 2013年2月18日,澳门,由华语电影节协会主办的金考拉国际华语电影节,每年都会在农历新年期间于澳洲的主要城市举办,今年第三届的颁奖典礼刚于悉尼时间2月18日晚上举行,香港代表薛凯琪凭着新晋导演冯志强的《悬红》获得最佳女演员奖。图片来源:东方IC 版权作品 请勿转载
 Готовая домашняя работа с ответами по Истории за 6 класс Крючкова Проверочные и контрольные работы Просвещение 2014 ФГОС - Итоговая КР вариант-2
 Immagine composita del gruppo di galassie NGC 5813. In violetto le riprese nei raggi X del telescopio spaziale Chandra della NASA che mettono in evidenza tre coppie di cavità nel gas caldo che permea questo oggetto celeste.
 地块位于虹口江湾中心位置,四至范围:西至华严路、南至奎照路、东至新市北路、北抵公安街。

== WHAT THE EXERCISE ASKS ==
Look above and repeat, character for character, the lines from the first one to the line with "Готовая домашняя работа", counting both.

== RESULT FOR THIS TASK ==
 2013年2月18日,澳门,由华语电影节协会主办的金考拉国际华语电影节,每年都会在农历新年期间于澳洲的主要城市举办,今年第三届的颁奖典礼刚于悉尼时间2月18日晚上举行,香港代表薛凯琪凭着新晋导演冯志强的《悬红》获得最佳女演员奖。图片来源:东方IC 版权作品 请勿转载
 Готовая домашняя работа с ответами по Истории за 6 класс Крючкова Проверочные и контрольные работы Просвещение 2014 ФГОС - Итоговая КР вариант-2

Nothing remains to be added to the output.